Both OOXML and ODF are rather immature document formats in the market today since neither of them has a broad market penetration as such. Despite the document count on Google, ODF is not widely used and most people still save their work in .DOC-files -even though they have Microsoft Office 2007 installed. This means that conversion between them is also rather immature and this affects the quality of the converters and the results of converting between one format and another. The ODF-Converter project has an extensive list of the differences between the formats themselves and also a list of features currently not supported by the converter and similar lists exist of features not supported by the other tools used. Luckily it seems that the quality of the converters are drastically improving for each incremental new release.

We also noted that a converter is not "just a converter". It lives and breathes on the application it is installed. This was of particular interest when looking at the ODF-Converter Office Add-In and the SUN OOXML-converter. They are both add-ons to existing Office applications but the application behaviour we saw was in principle the same when using OpenOffice.org, IBM Lotus Notes 8 or OpenOffice Novell Edition.

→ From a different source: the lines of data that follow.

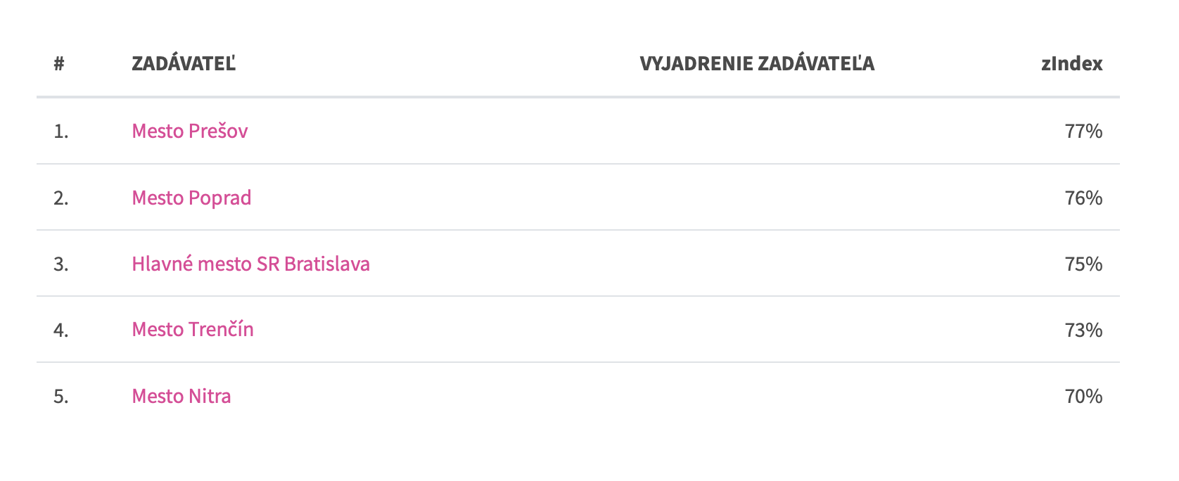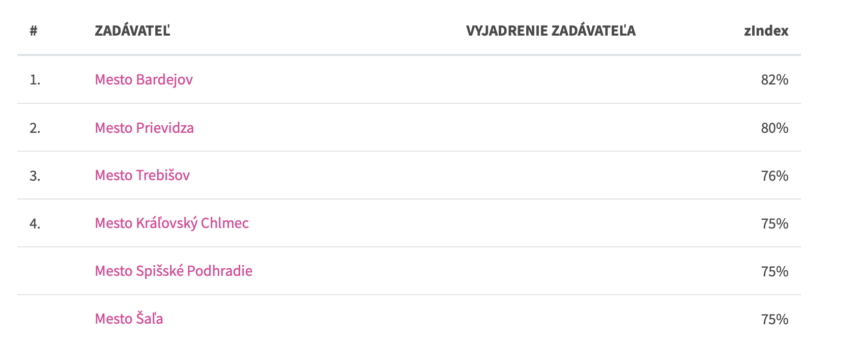 Samozrejme, nedá sa obsiahnuť všetko, ale Zindex dáva obstarávateľom vysvedčenie, ako sa im darí v porovnaní s ostatnými. Verejnosti a občanom zase Zindex poskytne informácie, ako ich volení zástupcovia nakladajú s verejnými zdrojmi,povedala riaditeľka Nadácie Zastavme korupciu Zuzana Petková. Dobrý výsledok tiež podľa nej neznamená, že v meste sa v súvislosti s nakupovaním nikdy nevyskytla žiadna kauza.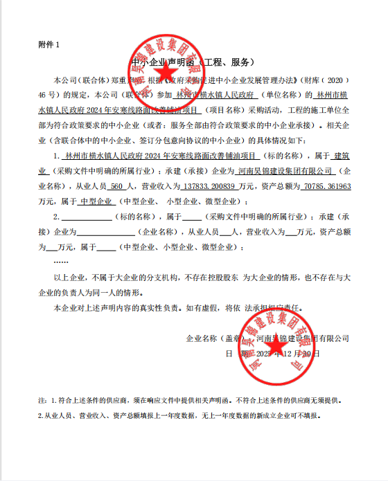 林州市横水镇人民政府2024年安寒线路面改善铺油项目-成交公告
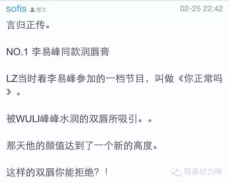 紧接着第一个被安利的就是李易峰在录制《你正常吗》的时候那水润的双唇,以及他用的润唇膏!!!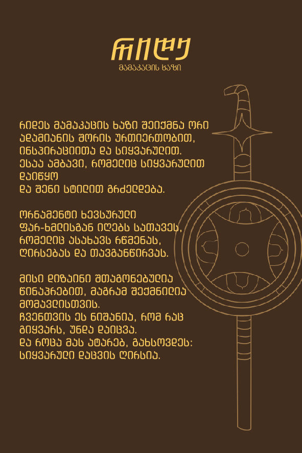 ორნამენტი ხევსურული ფარ-ხმლისგან იღებს სათავეს, რომელიც ასახავს რწმენას, ღირსებას და თავგანწირვას. მისი დიზაინი შთაგონებულია წინაპრებით, მაგრამ შექმნილია მომავლისთვის. ჩვენთვის ეს ნიშანია, რომ რაც გიყვარს, უნდა დაიცვა. და როცა მას ატარებ, გახსოვდეს: სიყვარული დაცვის ღირსია.
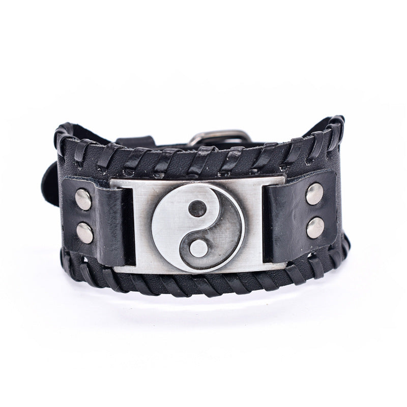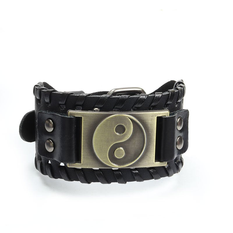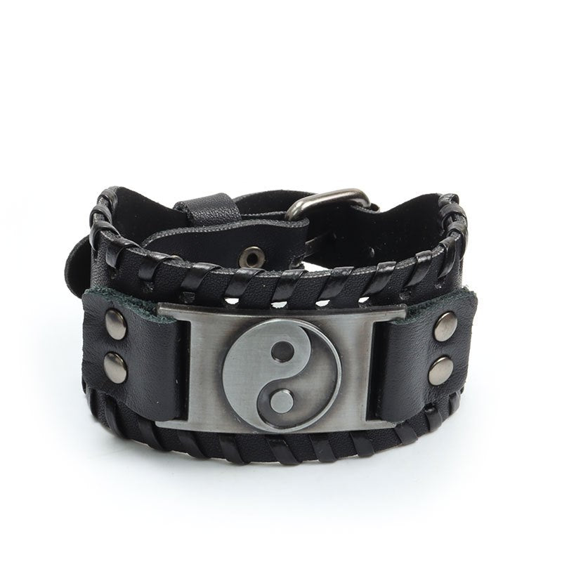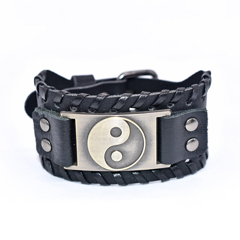 Add a touch of vintage style with this wide leather bracelet featuring an adjustable braided strap and a classic buckle closure for a secure fit.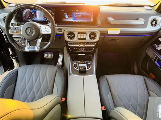 2020款奔驰G 63内饰设计:档次、质感和科技配置都明显的得到了提升。全新奔驰G 63的内饰相比老款有了明显的提升,采用了奔驰最新的双屏式设计,全液晶仪表盘和中控台屏幕都达到12.3英寸,专属的Nappa真皮内饰,质感和工艺都有了很大的进步。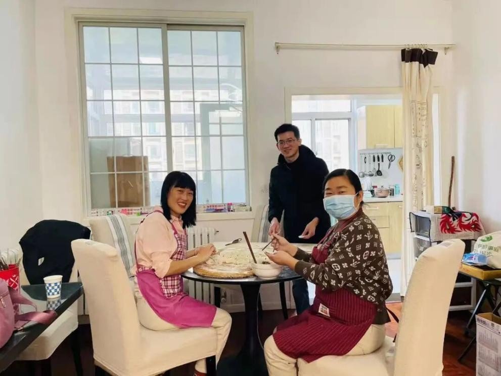 图 1 2022 年 1 月 29 日, 应邀来到杨惠娟老师家中过年, 同杨惠娟老师、 王景老师一起包饺子, 吃团圆饭

The problem lies in the fact, that every application has an internal object model that determines how a document is persisted in memory in the application. The binary format for Microsoft Office files were essentially a binary dump of the current memory in the application and this basically counts for at lot of applications with binary file formats. Anyway - regardless of how a document is "converted" or "transformed" using another application than the originator, at the end of the day it has to be loaded into the internal object model for the receiving application. This essentially means, that unless there is a 100% air-tight 1-1-mapping of the document format and the internal object model ... information will be lost. This was one part of the problem - the other was the sequence of conversion. Take a look at the sequence listed here:

Sequence 01  Sequence 02
   
load original format Load original format
 ↓
Convert format to new format Load original format into internal object model
 ↓
load new format into internal object model (make changes)
 ↓
(make changes) Persist as new document format
 
Persist as new document format  

It is not entirely evident that this will produce the same output, and we have seen no evidence that any of applications tested did actually have a 1-1 mapping between (any) document format and their internal object model. This also counts for Microsoft Office and its corresponding file types and OpenOffice itself. In short, this was a fact that we had to deal with in our tests.

On a funny note:

The conversion tools we used were all based on XSLT-transformation between the document formats. They are both XML-formats, so it is a good choice. However, we heard rumours that Novell would dump their OOXML-converter (based on XSLT) and develop their own converter based on the internal object model. It will be interesting to see, if it brings greater quality to the converters.

On a lighter note:

We saw in our tests that using the binary Microsoft Office file format as a middle-man when converting from OOXML to ODF (and back) actually produced the best results ... by a long shot. Having this step and using the binary Office file format as a type of "Lingua Franca", was more or less the key to "flaw-less conversion". If you stop and think about it, it makes perfect sense why we saw this. The Microsoft Office Binary file format is well established in the market (not thanks to Microsoft, but to reverse engineering) and the format has been arround for a long time. Basically, all applications can read it and all applications can write it. But why is this interesting? Well, OOXML is an XML-version of the binary Office file format, so since there are "no problems" with converting from the binary format to ODF, it should be technically relatively easy to convert from OOXML to ODF, since OOXML is a binary version of the binary file format.

It is just a matter of time ... and continious improvement of the format converters.